Bestand A 352 U 4 wird nachfolgendes berichtet:

1541,am 6. Februar,  "Prior und Konvent des Ordens vom Hi. Grab zu Speyer außerhalb der Stadt verkaufen mit Bewilligung ihres Obristen und Visitators Ulrich Propst zu Denkendorf dem Herzog Ulrich von Württemberg um 3 OOO fl den Kirchensatz, das Pfarrlehen und die Lehenschaft zu Güglingen samt der Lehenschaft aller Pfründen und Kaplaneien daselbst und zu Eibensbach, ihren Teil am Zehnten zu Güglingen und Pfaffenhofen samt den 30. Teil und den Zehnten im Forst sowie alle beschriebenen Lehenschaften und deren Einkommen außer der Gerechtigkeit zu Stockheim."

          

Herzog Ulrich von Württemberg     Bildquelle: Fotoausschnitt Kunsthistorisches Museum, Wien

Hinweis des Nachtwächters: Die Heiliggrabprobstei in Denkendorf verdankt ihre Entstehung 1128 einem Schwaben namens Bertoldus. Ihr Ende besiegelte 1535 die im Auftrag von Herzog Ulrich durchgeführte Reformation, nachdem er 1534 die Schlacht bei Lauffen a. N. gewann. 1536 erließ Ulrich eine Kirchenordnung, der die lutherische Lehre der Augsburger Konfession zugrunde lag.

" Die Reichstagsladung Kaiser Karls V. 1530 Januar 21

Mit Ladungsschreiben vom 21. Januar 1530 hatte Kaiser Karl V. einen Reichstag für den 8. April 1530 nach Augsburg einberufen, das zum wiederholten Male Tagungsort eines in mehrerlei Hinsicht bedeutenden Reichstages wurde.

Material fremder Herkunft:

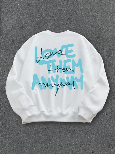 Manfinity ZONE917 ZONE917 Men's Blue & Black "LOVE THEM ANYWAY" Slogan Graphic Print Fleece Pullover Sweatshirt - White - View 3
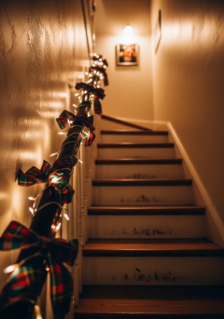This staircase is glowing with holiday warmth thanks to the twinkle lights and cheerful plaid bows tied neatly along the railing. The soft golden light bouncing off the wall gives the space an inviting, cozy feel.

Neben Fragen der Regelung von Türkenhilfe, Münzwesen, Maßen und Gewichten und der Organisation des Reichskammergerichts stand vor allem die Schlichtung des Glaubenszwiespaltes zwischen evangelischer und katholischer Seite auf der Tagesordnung. In der Reichstagsladung mahnte der Kaiser die Zwietracht hinzulegen, Widerwillen zu lassen, vergangene irrsal unserm Seligmacher zu ergeben ... und forderte die streitenden Parteien zur Darlegung ihrer Ansichten nach Augsburg. Neben dem Kaiser und Vertretern der Reichsstände nahmen deshalb auch zahlreiche Theologen an den Reichstagsberatungen teil, um ihre Glaubensrichtlinien darzulegen. Da Martin Luther seit 1520 unter Reichsacht stand, konnte er das Geschehen in Augsburg nur von der Veste Coburg aus verfolgen. Aus den Reichstagsakten ist zu entnehmen, dass nach der Ankunft des Kaisers am 15. Juni die Protestanten unter der Führung des Kurfürsten Johann von Sachsen und des Theologen Philipp Melanchthon die Glaubensrichtlinien der Protestanten formulierten, das sog. »Augsburger Bekenntnis«. "

Textquelle: Stadtarchiv Augsburg

 

1541 bis 1588: In dieser Zeit wurde Eibensbach kirchlich von Frauenzimmern versorgt. Pfarrer war Balthasar Reichenberger.